* _What is needed_
Print out the data precisely as it appears here, with no pictures.

* _Data provided_
>>>>>
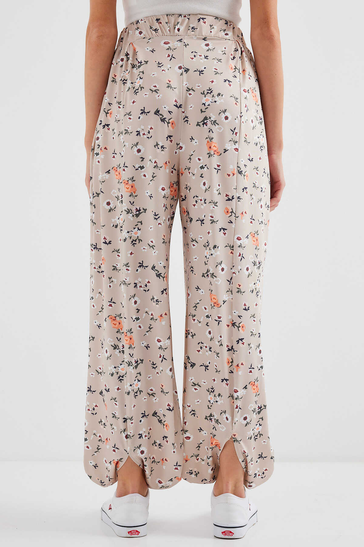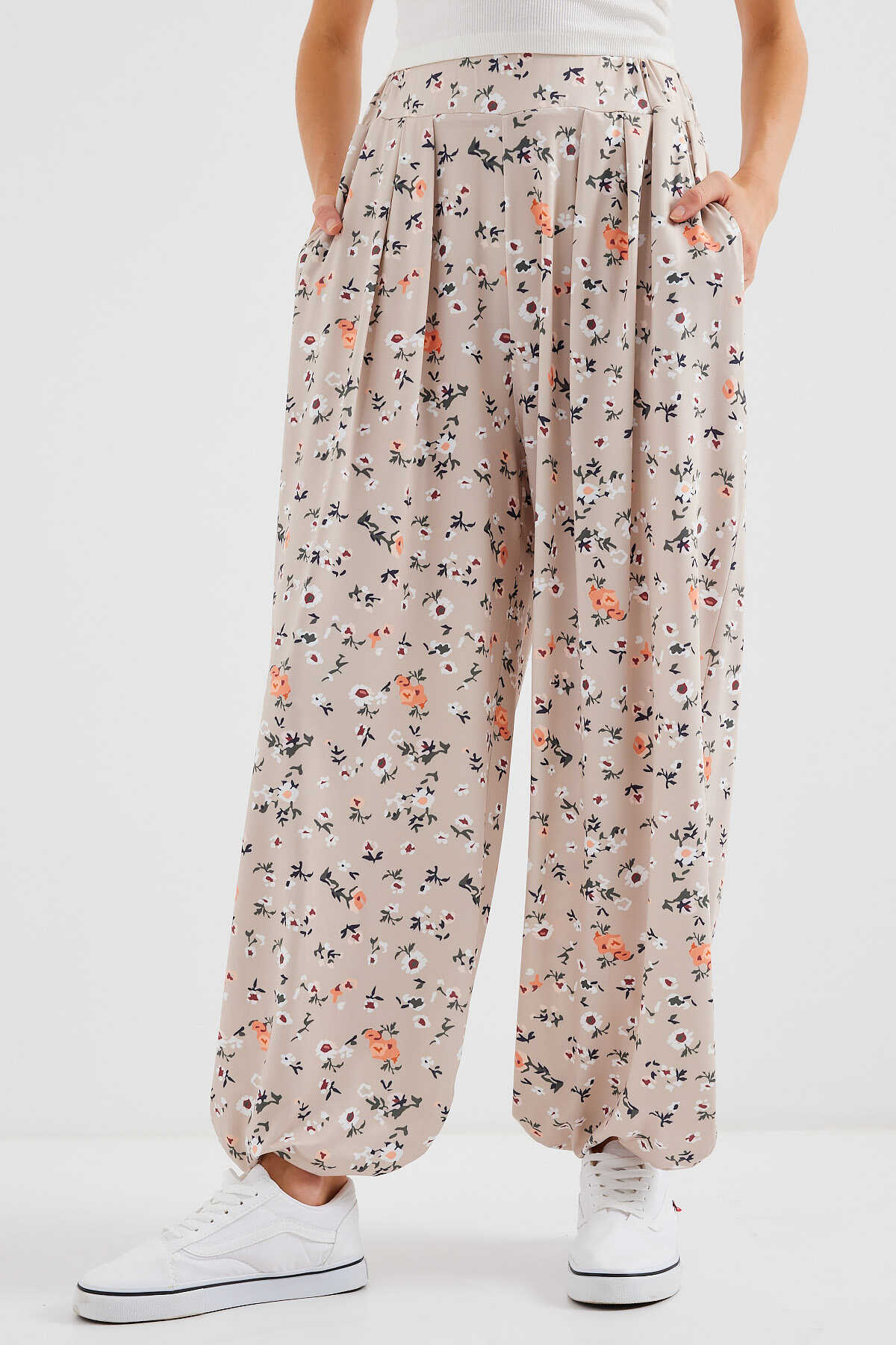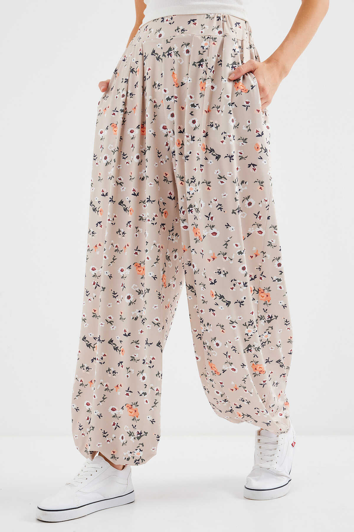 6665 Desenli Şalvar Pantolon - Krem - Kombin
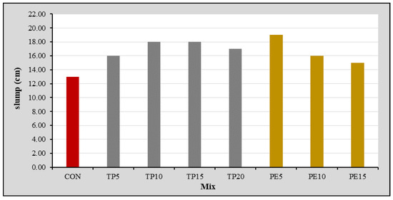 The results of the physical and mechanical tests allowed for establishing potential applications for recycled plastic concrete and to visualize future scenarios for plastic aggregates. The slump test results of the mixtures (Figure 5) ranged between 15 and 19 cm which is appropriate for the size of the specimens produced; this is consistent with previously reported studies [12,15]. However, regarding this property, there are still discrepancies in terms of the influence that RPA has on new concrete. Askar et al. (2023) [7] reviewed different works, and some of them reported gains in slump, while others reported losses [11,20], although some of these losses were not significant.
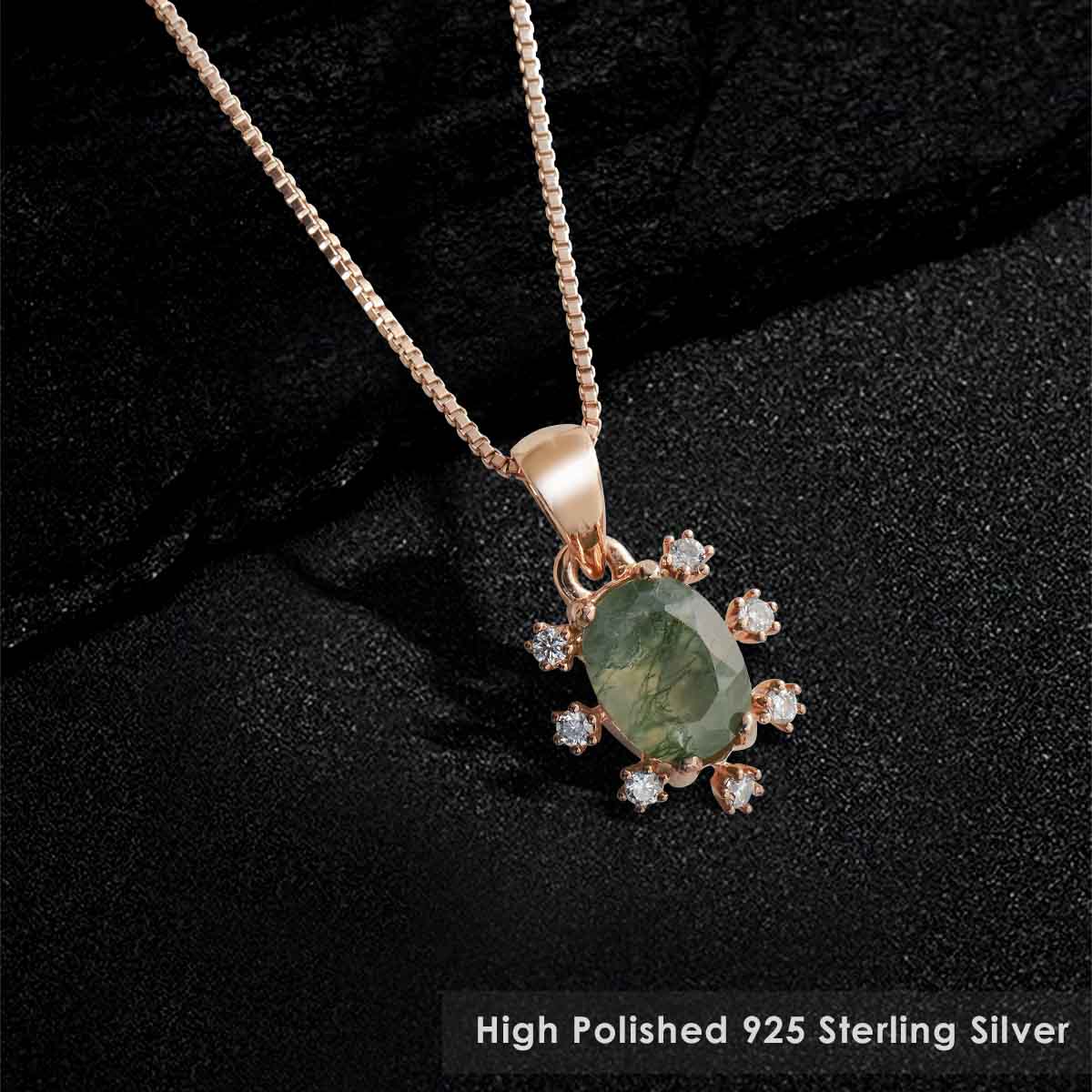 Oval Cut Moss Agate Necklace Pendant Natural Moss Agate Jewelry Healing Necklace
<<<<<
* _Solution to this exercise_
 6665 Desenli Şalvar Pantolon - Krem - Kombin
 The results of the physical and mechanical tests allowed for establishing potential applications for recycled plastic concrete and to visualize future scenarios for plastic aggregates. The slump test results of the mixtures (Figure 5) ranged between 15 and 19 cm which is appropriate for the size of the specimens produced; this is consistent with previously reported studies [12,15]. However, regarding this property, there are still discrepancies in terms of the influence that RPA has on new concrete. Askar et al. (2023) [7] reviewed different works, and some of them reported gains in slump, while others reported losses [11,20], although some of these losses were not significant.
 Oval Cut Moss Agate Necklace Pendant Natural Moss Agate Jewelry Healing Necklace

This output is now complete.